A sister, then a mother;
A moveable childhood ensued, a stay among the better-off
in a high-hedged manse far beyond a city's outskirts,
somewhere perhaps among its jewelry drawers,
then back to a head-strong father
who went to the movies every night
in the days before the Dodgers won a pennant,
before the Japanese were exiled to camps,
lights doused along the shoreline while
U-boats hunted among the easy targets of American shipping.
Then activist postwar days of rallying to Paul Robeson concerts,
campaigning for Wallace,
sneaking into Tanglewood clad daringly in shorts,
having found a husband at the Young Communist League,
already a veteran but still the baby of the family,
who suffered an inflamed conscience over leaving his mother.
A Spartan wedding; a place of your own in the projects
inducing a fertile run of children uncomfortably close in age,
unlike the carefully spaced Episcopalian children
of some other New York.
Yours a union of night-school scholars:
years of tired homework at the kitchen table.
Degreed, a late-starting career launched in fostering
the kindergarten sensibilities of lives spent close to the floor,
while an upward trend at home opens the Palisades in a sunset window.
And you, a woman of principles named school principal,
resigning some years later, in protest of a bureaucratic bump,
to study art at the Metropolitan.
Decades roll alongside the Hudson.
Student of Mannerists, also of manors, Tanglewood Friend;
vacation home a modest estate (summers only) you called a "tree house,"

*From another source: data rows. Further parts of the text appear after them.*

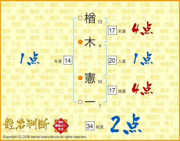 生活面を象徴する運勢です。外部から受ける影響力を表し、結婚運、家庭運や職場、環境への順応性を表します。総運から人運を引いた画数。姓や名が1文字の場合を除く。
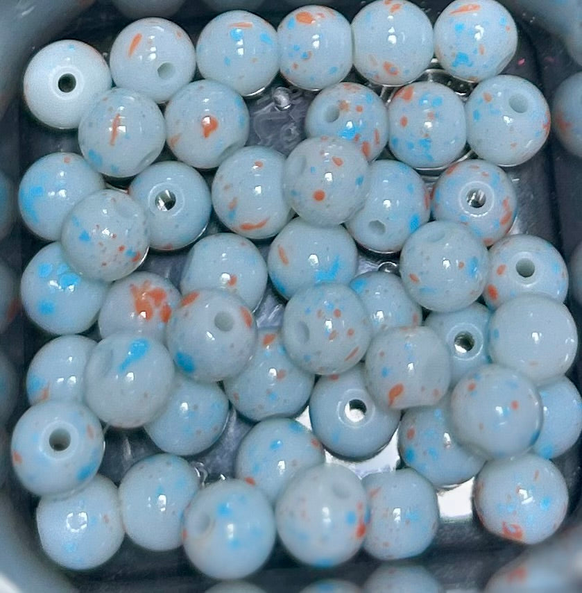 Elevate your jewelry creations with our exclusive Wholesale Bead Bag, featuring 40 stunning white beads with a unique blue and orange splatter design. These high-quality beads are perfect for adding a splash of color and a touch of artistic flair to your projects.
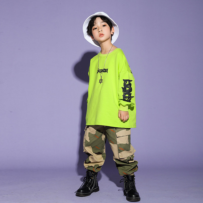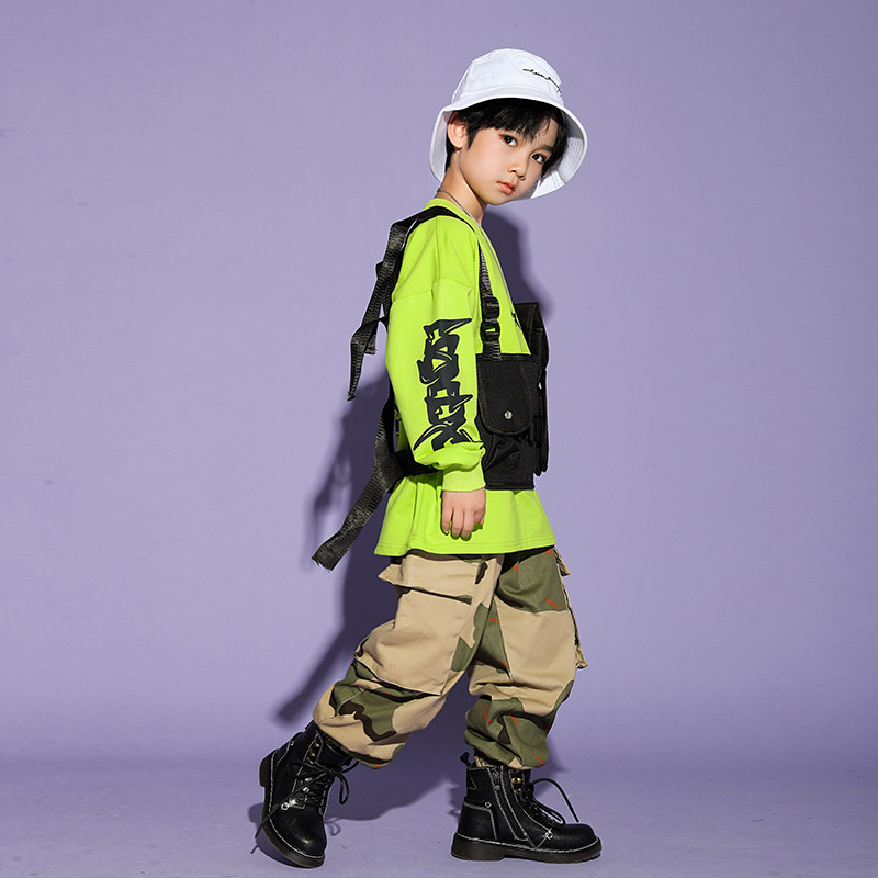 Boys' hip-hop suit children's long-sleeved loose camouflage pants tide clothing children's handsome hiphop hip-hop performance clothing

set in a greenwood village
surrounding a bowl of good fortune, idyllic skies, occasional boomers
that chased the cat beneath the bed
and set the cat-owner to worried pacing.
Stages of age, arthritis, the usual reductions;
doctored Manhattan-centric on gentility and denial,
stiffened by a brave foretelling:
the celebration of that milestone of the far-fields,
the peak experience, matured in the burnished gold
of time's reflections.
A ninth decade accomplished:
a century to come.
Out for a ride, a mated pair on a joy ride,
parsing contentedly the vineyards and strawberry festivals,
sun shining, consuming the countryside with our eyes.
At the big party my cousin, the sole octogenarian, two years recovered
from an attack of mortality while driving,
the senior of our cohort: eighty in the shade
till he moves his chair to sit alone in the sun,
like a prison island captive.
Also, my snowbird cousin whose son ages in the Keys
like fine wine or old cheese,
lacking all desire to bring a child into "this world."
Here's wishing you a better one next time;
send us a card.
Back home, companionable pairs walk and talk
on a happy afternoon while I lay low, weeding in the weeds.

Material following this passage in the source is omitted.